● Source records
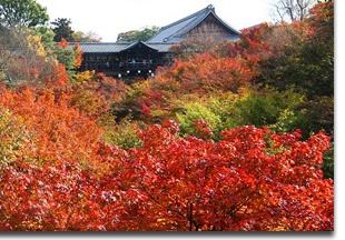 Tofukuji (東福寺, Tōfukuji) is a large Zen temple in southeastern Kyoto that is particularly famous for its spectacular autumn colors. The temple was founded in 1236 at the behest of the powerful Fujiwara clan. Its name is a combination of the names of two great temples in Nara that were also associated with the Fujiwara, Todaiji Temple and Kofukuji Temple. Tofukuji has historically been one of the principal Zen temples in Kyoto, and is a head temple of one of the schools of the Rinzai sect of Zen Buddhism.
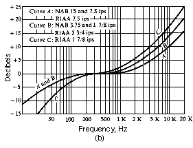 The curves for phonograph recording and playback, adopted in the U.S. and Great Britain in 1953, are known as the RIAA curves of standard equalization. The NAB and RIAA curves for tape recording (which operate in the opposite sense of those for disc with respect to frequency) are also shown. These characteristics are those of the pre-amplifier in most tape recorders.
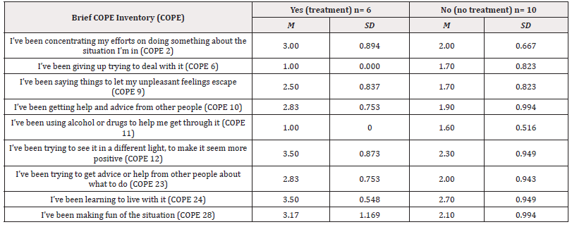 Table 12: Means and Standard Deviation of the effect of Participant Mental Health Treatment and Coping Strategy.
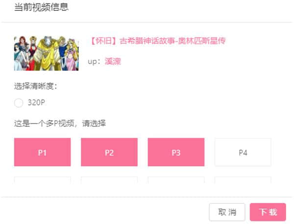 2.还可以选择多个P,快速下载各种清晰度和流程。
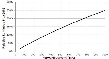圖1. XLampXP-G的輸出相對光強(qiáng)和正向電流的關(guān)系
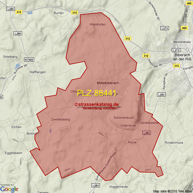Ortsteile von Mittelbiberach mit der PLZ 88441
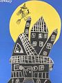 I love the haunted house. The different roofs that all have something spooky in the windows and the front door with the HELP sign. The little witch and her black cat on the broom in front of the big yellow moon really draw attention on the picture. The front porch with the little spooky characters is really cute.
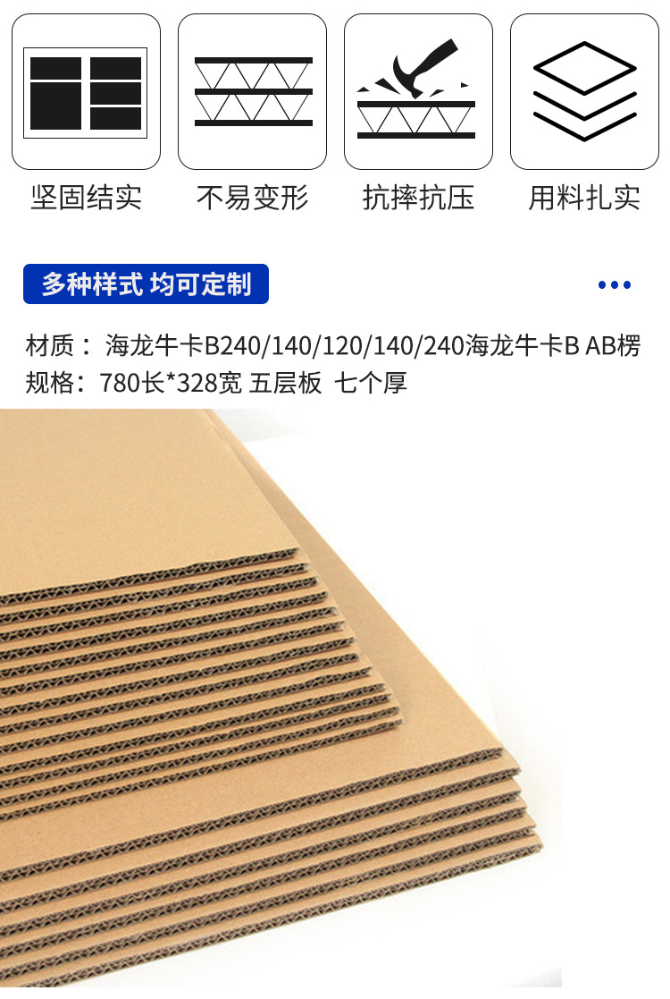 段ボール卸売り780 * 328AB段ボール5階板宅配便包装段ボール7枚厚段ボール紙
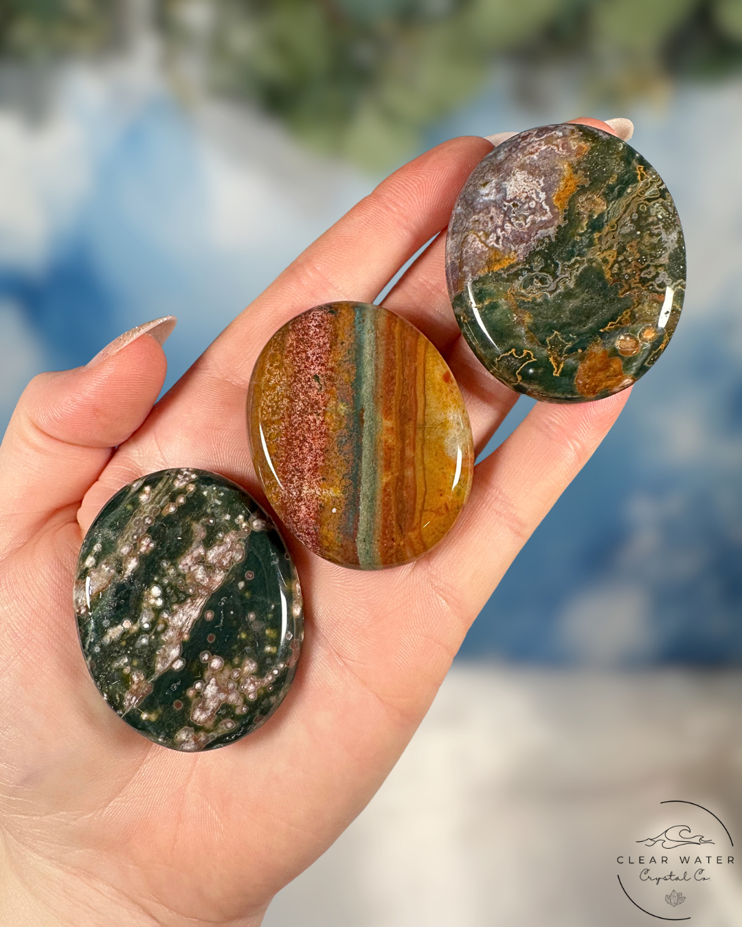 Sea Jasper, often called Ocean Jasper, showcases an incredible array of patterns and hues reminiscent of the sea – swirling "orbs" or "eyes" in shades of green, blue, cream, brown, and sometimes even pink or red. Each worry stone is a unique miniature seascape, reflecting the vastness and serenity of the ocean. The perfectly smooth, polished surface is incredibly comforting to the touch, making it ideal for soothing frayed nerves and promoting a meditative state.
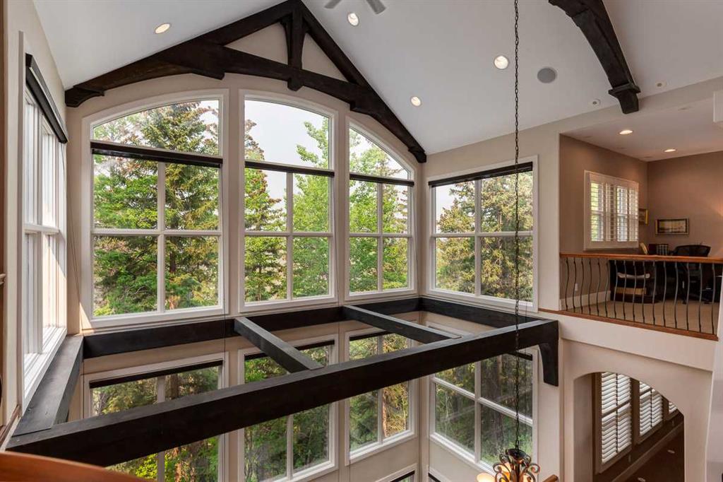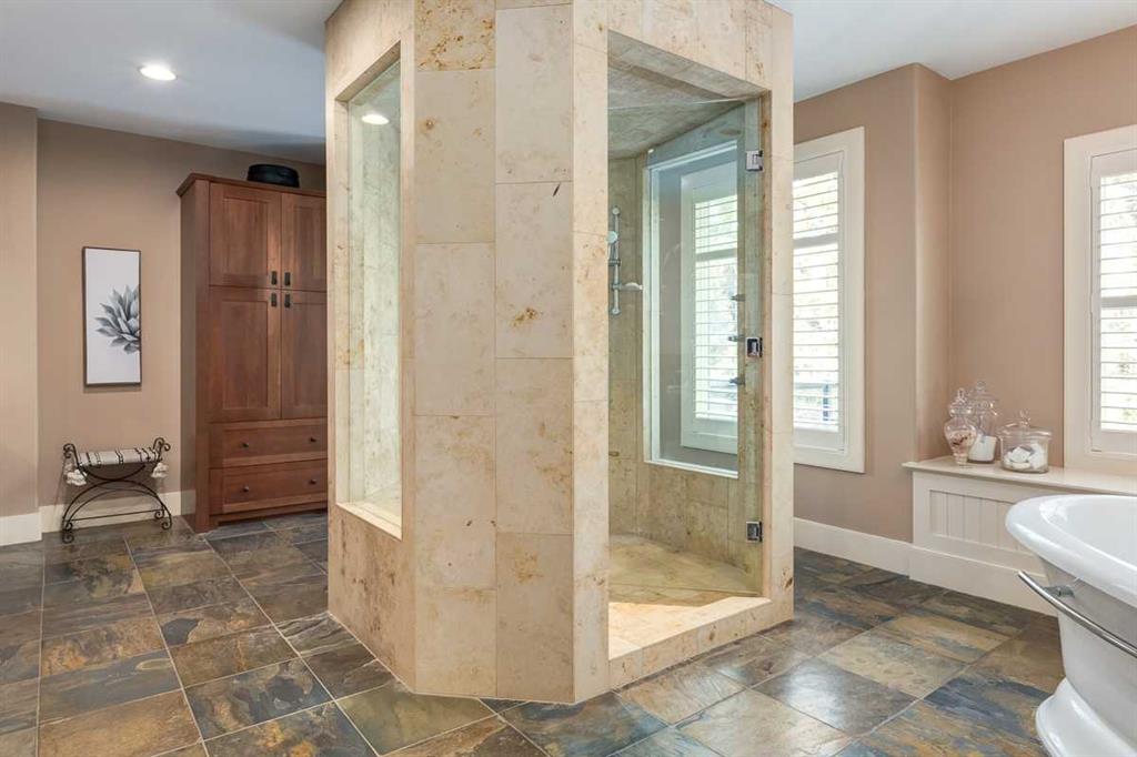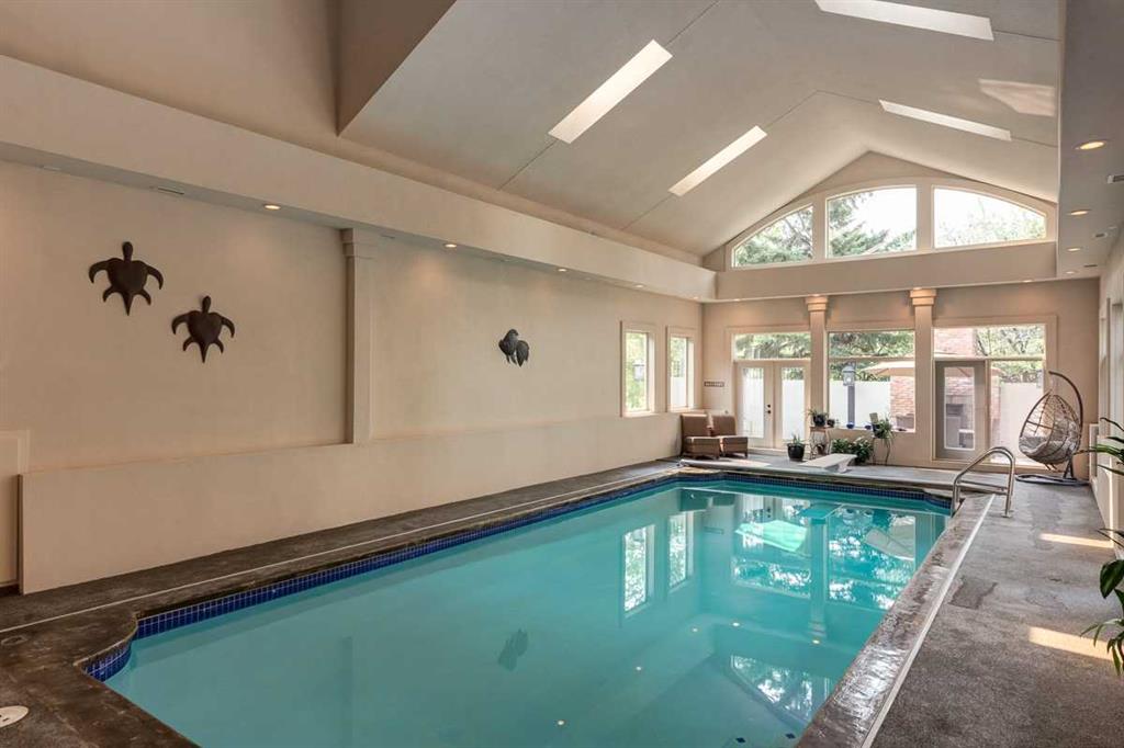 The walkout basement is designed for entertainment, featuring a family room, games area, bar, theatre room, gym, and two additional bedrooms.There is a plethora of upgrades in this home but none more amazing than the large indoor pool, with its own sealed room for safety and independent HVAC system for maximum comfort. Additional features include multiple tile surround gas and wood burning fireplaces, large home office, three steam showers, in-floor heating with multiple zones, a dual coil hot water heater, maintenance-free concrete decks, irrigation system, 4 car heated and finished garage, built in speakers, custom entertaining bar in the basement and the list goes on…
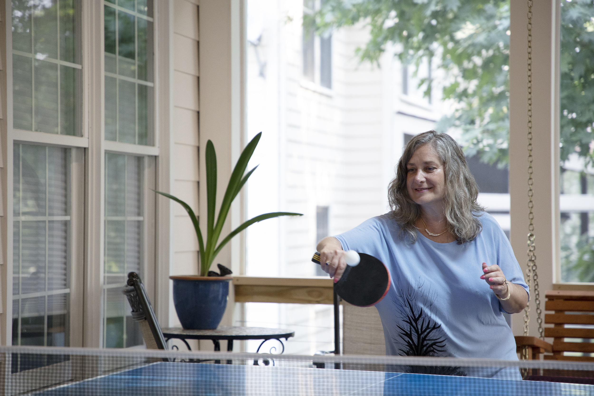 A snap sounds, and Eric leans over the Carolina blue Ping-Pong table, extending his arm as far as possible to smack the ball back toward his wife, Jen, who laughs. The girls launch into a story about how their parents met in college and, after moving in together in graduate school, the only surface in their house was a Ping-Pong table, which they would cover with a tablecloth for meals.
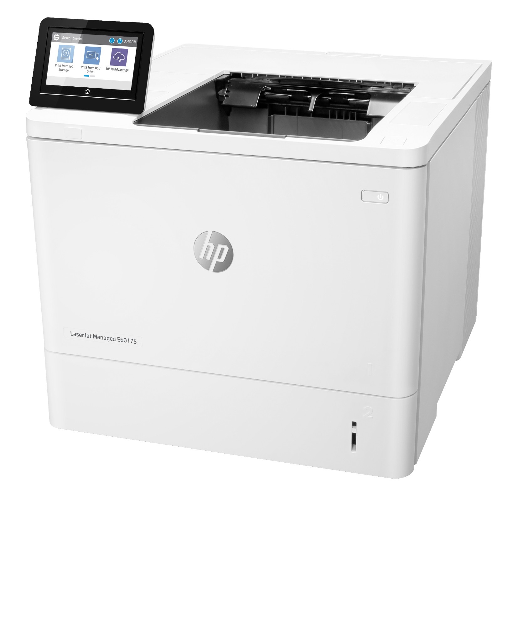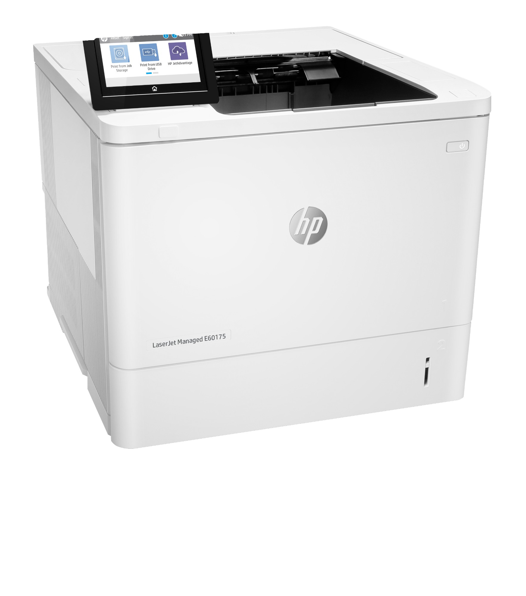 | Box contents | HP LaserJet Managed E60175dn Printer; HP Original LaserJet Toner Cartridge (~11,000 pages); Documentation (Hardware Install Guide); Power cord; Fixed-Size Cassette Guides |
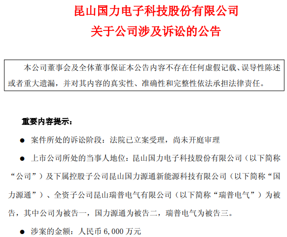 公司及控股子公司国力源通、全资子公司瑞普电气为被告,其中公司为被告一,国力源通为被告二,瑞普电气为被告三。涉案的金额6,000 万元,截至公告日,该案件尚未开庭审理。
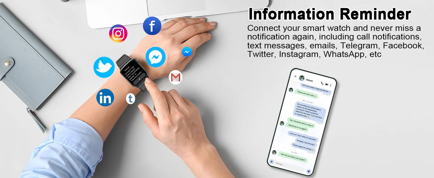Smart watch, wireless calling/dial, multi-Sport mode, information reminder, Various APP Reminders,for iPhone/Andriod
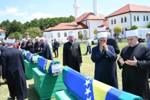 Kolektivna dženaza za sedam žrtava s područja Prijedora klanjana je jučer u Memorijalnom centru Kamičani.
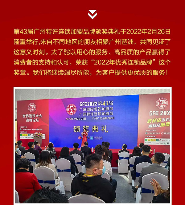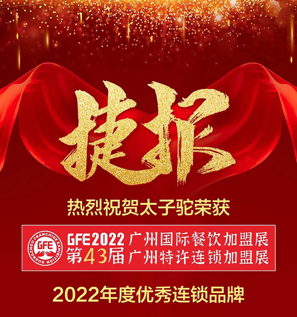 熱烈祝賀太子駝榮獲 “ 2022年優(yōu)秀連鎖品牌 ”
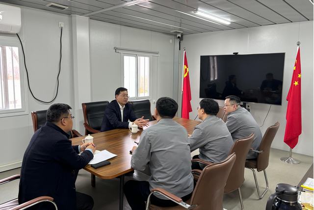 孔维刚一行来到山东鲁坤矿产资源开发有限公司,深入生产一线,实地察看节后复工复产、安全生产责任落实、设备运行等情况。随后与企业负责人及相关管理人员进行座谈,详细了解企业基本情况、生产经营现状、项目建设规划及存在的困难诉求等情况。

● Task description
Because pictures are not wanted, give every entry above again exactly without them.

● Reply
 Tofukuji (東福寺, Tōfukuji) is a large Zen temple in southeastern Kyoto that is particularly famous for its spectacular autumn colors. The temple was founded in 1236 at the behest of the powerful Fujiwara clan. Its name is a combination of the names of two great temples in Nara that were also associated with the Fujiwara, Todaiji Temple and Kofukuji Temple. Tofukuji has historically been one of the principal Zen temples in Kyoto, and is a head temple of one of the schools of the Rinzai sect of Zen Buddhism.
 The curves for phonograph recording and playback, adopted in the U.S. and Great Britain in 1953, are known as the RIAA curves of standard equalization. The NAB and RIAA curves for tape recording (which operate in the opposite sense of those for disc with respect to frequency) are also shown. These characteristics are those of the pre-amplifier in most tape recorders.
 Table 12: Means and Standard Deviation of the effect of Participant Mental Health Treatment and Coping Strategy.
 2.还可以选择多个P,快速下载各种清晰度和流程。
圖1. XLampXP-G的輸出相對光強(qiáng)和正向電流的關(guān)系
Ortsteile von Mittelbiberach mit der PLZ 88441
 I love the haunted house. The different roofs that all have something spooky in the windows and the front door with the HELP sign. The little witch and her black cat on the broom in front of the big yellow moon really draw attention on the picture. The front porch with the little spooky characters is really cute.
 段ボール卸売り780 * 328AB段ボール5階板宅配便包装段ボール7枚厚段ボール紙
 Sea Jasper, often called Ocean Jasper, showcases an incredible array of patterns and hues reminiscent of the sea – swirling "orbs" or "eyes" in shades of green, blue, cream, brown, and sometimes even pink or red. Each worry stone is a unique miniature seascape, reflecting the vastness and serenity of the ocean. The perfectly smooth, polished surface is incredibly comforting to the touch, making it ideal for soothing frayed nerves and promoting a meditative state.
 The walkout basement is designed for entertainment, featuring a family room, games area, bar, theatre room, gym, and two additional bedrooms.There is a plethora of upgrades in this home but none more amazing than the large indoor pool, with its own sealed room for safety and independent HVAC system for maximum comfort. Additional features include multiple tile surround gas and wood burning fireplaces, large home office, three steam showers, in-floor heating with multiple zones, a dual coil hot water heater, maintenance-free concrete decks, irrigation system, 4 car heated and finished garage, built in speakers, custom entertaining bar in the basement and the list goes on…
 A snap sounds, and Eric leans over the Carolina blue Ping-Pong table, extending his arm as far as possible to smack the ball back toward his wife, Jen, who laughs. The girls launch into a story about how their parents met in college and, after moving in together in graduate school, the only surface in their house was a Ping-Pong table, which they would cover with a tablecloth for meals.
 | Box contents | HP LaserJet Managed E60175dn Printer; HP Original LaserJet Toner Cartridge (~11,000 pages); Documentation (Hardware Install Guide); Power cord; Fixed-Size Cassette Guides |
 公司及控股子公司国力源通、全资子公司瑞普电气为被告,其中公司为被告一,国力源通为被告二,瑞普电气为被告三。涉案的金额6,000 万元,截至公告日,该案件尚未开庭审理。
Smart watch, wireless calling/dial, multi-Sport mode, information reminder, Various APP Reminders,for iPhone/Andriod
 Kolektivna dženaza za sedam žrtava s područja Prijedora klanjana je jučer u Memorijalnom centru Kamičani.
 熱烈祝賀太子駝榮獲 “ 2022年優(yōu)秀連鎖品牌 ”
 孔维刚一行来到山东鲁坤矿产资源开发有限公司,深入生产一线,实地察看节后复工复产、安全生产责任落实、设备运行等情况。随后与企业负责人及相关管理人员进行座谈,详细了解企业基本情况、生产经营现状、项目建设规划及存在的困难诉求等情况。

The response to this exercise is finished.